Now the actors come on stage for the final curtain in the drama of Fort Pulaski! Sherman had rested in Savannah and had gone north through the Carolinas to Bentonville and Durham. Grant had met Lee at Appomattox. The defenders of Fort Sumter had laid down their arms. The Confederate armies had been crushed on the battlefields. Gillmore had returned to command the Department of the South, and the destiny of Fort Pulaski was again in his hands.

On April 29, 1865, 200 guns were fired from the ramparts of Fort Pulaski to mark the surrender of General Lee—the end of a great military career which had begun on Cockspur Island more than 35 years before.

A few weeks later the conquering forces captured the President of the Confederate States. In command of the detail which took Mr. Davis was Brig. Gen. J. H. Wilson, of the Topographical Engineers, who 3 years before had brought to Fort Pulaski the demand for surrender. Mr. Davis was captured in middle Georgia and sent down the Savannah River to Hilton Head Island for transport to Fortress Monroe. Accused of complicity in the assassination of Abraham Lincoln and under orders to be treated as a dangerous criminal, the Confederate president spent his last night in Georgia aboard ship in the lee of Cockspur Island. Next morning as he was brought to Hilton Head, Negroes, lining the shores of the islands, chanted “We’ll hang Jeff Davis to the sour apple tree!”

To the grim fort on Cockspur Island were brought leaders of the Confederacy, some to remain many months in prison, while an angry nation sought the illusive satisfaction of vengeance. In the list of distinguished prisoners were 3 cabinet officers: Secretary of State Robert M. T. Hunter, Secretary of the Treasury George A. Trenholm, and Secretary of War James A. Seddon, as well as Assistant Secretary of War John A. Campbell. In addition, there were 3 State governors, Andrew G. Magrath of South Carolina, Andrew B. Moore of Alabama, and Alexander K. Allison of Florida; 1 senator, David L. Yulee of Florida; and Brig. Gen. Hugh W. Mercer, who as colonel of the 1st Regiment of Georgia had once been in command of Fort Pulaski.

The Confederacy had been defeated and the streets of Savannah were patrolled by blue-clad soldiers, but the spirit of the men and women, who more than 4 years before had demanded the seizure of Fort Pulaski, was still unbroken.
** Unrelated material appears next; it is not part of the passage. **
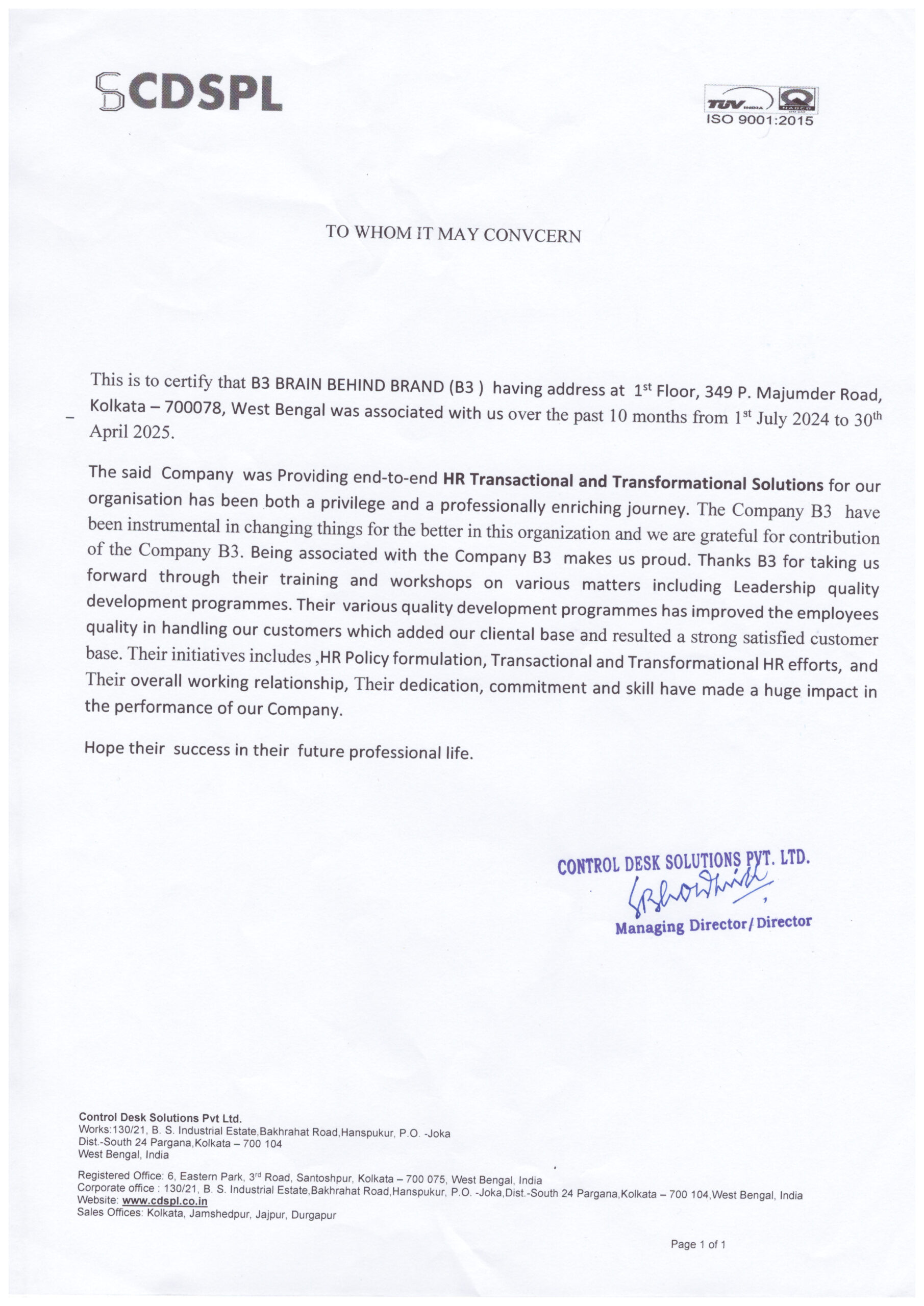 Organisations do not struggle because of a lack of ambition. They struggle when growth exposes gaps in structure, capability, and execution. B3 Brain Behind Brand partners with MSMEs at this critical stage, helping leadership teams realign how the business operates as complexity increases. The perspective comes from sixteen years of working inside real businesses, across functions and growth cycles, translating strategy into measurable outcomes.

The stores were all open. Business of every sort progressed precisely as usual. The streets were filled with native citizens, dressed somewhat antiquely, but giving no sign of suffering. A smart sailor from a Federal gunboat summed up the scene, “Hell,” he said, “this town isn’t dead; it’s wound up and running.” “It was the rebel Savannah unchanged,” wrote Whitelaw Reid, the famous war correspondent.

Cockspur Island After 1865

With the return of peace, the Corps of Engineers under the direction of General Gillmore undertook to modernize and strengthen Fort Pulaski. Between the years 1869 and 1872, they remodeled the demilune, constructing underground magazines and passageways and emplacements for heavy guns. Major changes were also planned for the main fortification, but, after digging a huge excavation in the north end of the parade ground and laying massive concrete piers, the job was abandoned. Proposals were already under consideration for a new coast artillery post on Tybee Island, which would take the place of Fort Pulaski.

After 1872 no further active military use of the fort was ever made, except briefly during the Spanish-American War when a small force was garrisoned there to man the guns that had been installed in the demilune and at Battery Horace Hambright, on the north shore of the island, and to operate the controls for electric mines in the mouth of the Savannah River. For many years the only inhabitants of the fort were an ordnance sergeant and a lightkeeper. After the great hurricane of 1891, when the sea rose 5 feet over the parade ground, a 2-story house for the lightkeeper was erected on the top of the fort.

In the first years of the 20th century, Fort Pulaski and the eastern part of Cockspur Island were totally abandoned. The moat around the fort and demilune filled with mud from the river; the tides swept over the neglected dikes and flooded the low-lying marshes. The parade ground became a veritable jungle and hundreds of snakes made their homes in the innumerable crevices in the fort’s masonry. Infrequent parties of zealous hunters and hardy pilgrims, willing to wade through the soft marsh, were the only visitors.